MapD, H2O.ai, NVIDIA to Unveil GPU Data Frame at Strata

by Justin Sears

MapD, H2O.ai and NVIDIA will be unveiling the GPU Data Frame (GDF) at the Strata Data Conference in New York next week. And, as Ricky Ricardo used to say, we’ve “got some splainin’ to do.”

The GDF speeds up data science workflows by allowing them to be carried out entirely on GPUs.

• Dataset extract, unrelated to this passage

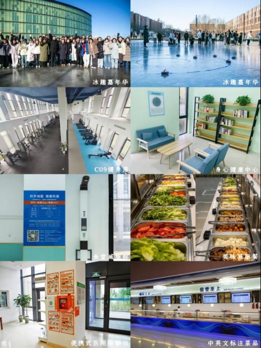 校区高度重视师生身心健康,继完善校区医疗保障条件和对室外运动场地进行了全面修缮升级后,充分利用校区水系环境和气候资源特色,于2024年冬季打造了校区冰上运动项目并开展校区首届“冰趣嘉年华”,得到了央视的关注和报道;于2024年下半年在C09启动校区身心健康中心建设,打造高品质健身房、心理咨询室。此外,校区在食堂和宿舍等处设置健康秤,增设轻食减脂餐,菜品中英文标注名字、营养成分和卡路里;在关键楼宇和运动场所增设便携式医用除颤仪(AED)、医药箱和工具箱等。这些举措的实施,不仅大幅提升校区环境质量,更倡导师生践行绿色、健康的生活方式。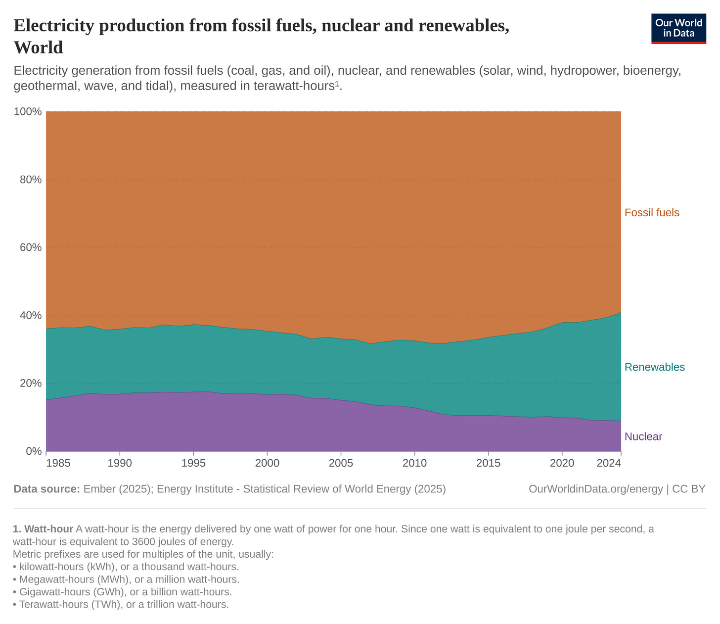 One reason, perhaps, is that even the poorest people, in rich countries, consume energy. And despite the dramatic increase in renewables, much of it still comes from fossil fuels — in fact, they still power 60% of all global energy. Meanwhile, the world’s total energy demand keeps growing faster than we can add clean power.

Back in May, we announced our plans to build this common API, which enables efficient interchange of data between processes running on the GPU. At Strata, we’ll being showing the GDF at work, with demos of real-world use cases like predicting mortgage delinquencies.

So, how’d we get here?

MapD makes data science easier with interactive visualization of datasets with hundreds of columns and billions of rows. Data scientists also explore data mechanically by building models for machine learning and AI.

One of the most tedious and time-consuming parts of building a machine learning model is feature engineering — “the process of using domain knowledge of the data to create features that make machine learning algorithms work.”

The data scientists we meet aren’t engineering four features on 1,000 row datasets. Instead, they’re often engineering 40 features for their predictive models over hundreds of millions or billions of data points.

Without the analytic acceleration made possible by MapD, that feature engineering sucks up hours or days of a data scientist’s limited time. Inevitably, the model’s first training iteration returns results that could be improved, and then it’s back to the feature engineering and another training attempt. The process continues in a vicious cycle.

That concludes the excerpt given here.